Daylight Saving 2013: Petition Targets DST For Elimination

Down With Daylight Saving Time?

On March 10, Americans will set their clocks forward an hour in the biannual ritual known as Daylight Saving Time (DST). But the hour of reckoning could be close at hand for DST, if some online petitioners get their way, that is.

A petition seeking to eliminate DST (or make it the year-round standard) has surfaced on the White House's "We the People" crowdsourcing platform. The document, which needs 100,000 signatures to prompt a response from the West Wing, urges President Obama to eliminate the "archaic practice" of adjusting clocks twice a year.

Daylight Saving Time was standardized in the U.S. by the 1966 Uniform Time Act, according to National Geographic. That act has since been amended several times, most recently by the Energy Policy Act of 2005, which extended DST by one month.

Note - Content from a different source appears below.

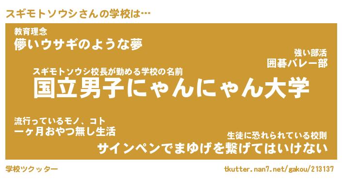 | ヘコむあだ名 | 『スギもー』『なまこ酢』『スギお』 |

The "We the People" petition claims that, while some industries still support DST, studies have shown the change is a health risk, leads to a loss in productivity and is "really annoying."

The petition is still many signatures from its goal, however, and may very well join the list of failed petitions, a list that includes a recent request to change the U.S. national anthem to R. Kelly's "Ignition (Remix)."

Though participating areas of the country must switch their clocks on the same day, no federal law forces states to observe the time change, according to National Geographic. Arizona, for example, has not observed DST for decades.